By the time US soldiers arrived at the Berghof in May 1945, Hitler’s alpine retreat had already been gutted. Allied bombing had obliterated much of the site, before SS guards ignited what was left. Earlier photographs of the Great Hall show an uneasy mix of the rustic and opulent. There were busts of the composer Richard Wagner and Hitler’s mentor, the morphine-addicted playwright Dietrich Eckart. Given that Hitler spent much of the war here, there was a globe, a marble table for meetings and a Gobelin tapestry that concealed a cinema screen. Paintings adorning the walls were traditional from Italian Renaissance to German Romanticism, including, at one stage it is said, Böcklin’s foreboding Isle of the Dead.

The retreat’s most striking feature, however, was a colossal 344 square foot panoramic view of the mountains, which Hitler’s leading architect and Armaments Minister Albert Speer recalled disapprovingly in Inside the Third Reich:

A huge picture window in the living room, famous for its size and the fact that it could be lowered, was Hitler’s pride. It offered a view of the Untersberg, Berchtesgaden, and Salzburg. However, Hitler had been inspired to situate his garage underneath this window; when the wind was unfavourable, a strong smell of gasoline penetrated into the living room. All in all, this was a ground plan that would have been graded D by any professor at an institute of technology. On the other hand, these very clumsinesses [sic] gave the Berghof a strongly personal note. The place was still geared to the simple activities of a former weekend cottage, merely expanded to vast proportions.

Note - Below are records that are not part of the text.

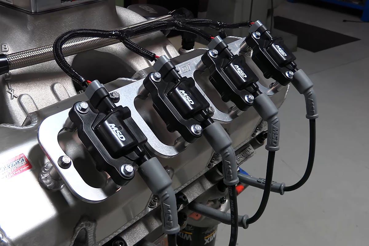 To complement the modern electronics in the Stealth 4500 system, Gibbons opted for an MSD Distributorless Ignition System. The aftermarket coil-per-plug setup is similar to that found on LS engines (in fact, the coil mount bracket is for an LS engine) with a cam position sensor taking the place of the rear-mounted distributor.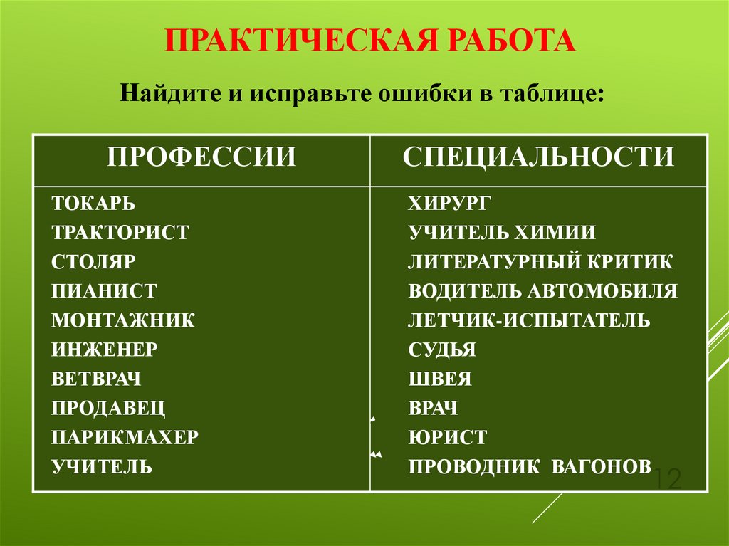 12. Практическая работа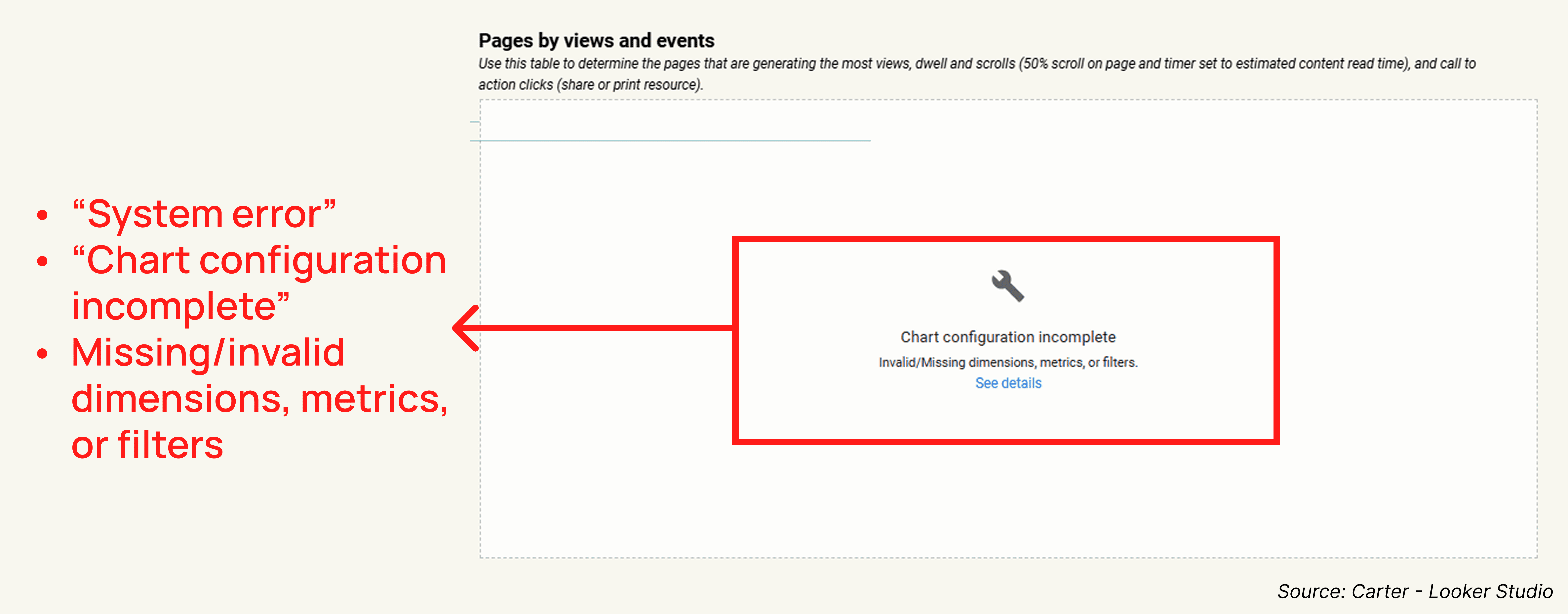 The “Collections Engagement” page displayed: “System error”, “Chart configuration incomplete”, and Missing or invalid dimensions and metrics.

Hitler was fond of the nearby Mooslahnerkopf tea house and enjoyed regular walks to it, with the spectacular views of the mountains and forests on the route and at the adjacent overlook. He was much less keen on the Kehlsteinhaus, the so-called ‘Eagle’s Nest’ located on a high mountain peak. An expensive birthday gift dreamt up by the sycophantic Martin Bormann, head of the Nazi Party Chancellery, Hitler feared hypoxia at high altitude, the dangerous curves in the road and the claustrophobic elevator trip through the mountain to reach it. He worried, too, about the possibility of lightning strikes.

Berghof, 1945.

It was, however, at the Berghof, which he’d bought and developed with proceeds from Mein Kampf, that he spent most time. Before the vast window, he would lay out his maps and stare at the Untersberg, inside which, competing legends have it, the medieval conquerors Charlemagne and Barbarossa lie in slumber (the latter providing the code name for Hitler’s catastrophic invasion of the Soviet Union). When the victorious Americans took their photographs, framed in the vast viewing space, the mountain shone dazzling light onto a burnt-out husk. It was a scene of both hubris and nemesis that charted back to a single painting.

Few paintings have had the depth and breadth of influence of Caspar David Friedrich’s Wanderer Above the Sea of Fog (1818). One way of discerning its lasting impact is to look at the subjects of books that regularly use the image; Romanticism, psychology, the Sublime, the Enlightenment, philosophy and self-help. It is accepted as a depiction of the awe-inspiring immensity of nature and mankind’s conquering of it, through boundless heroism and imagination. While Friedrich’s other paintings are considered darker – ruined gothic churches, a monk lost by a cataclysmic shore, a shipwreck consumed by a sea of ice – Wanderer remains triumphant.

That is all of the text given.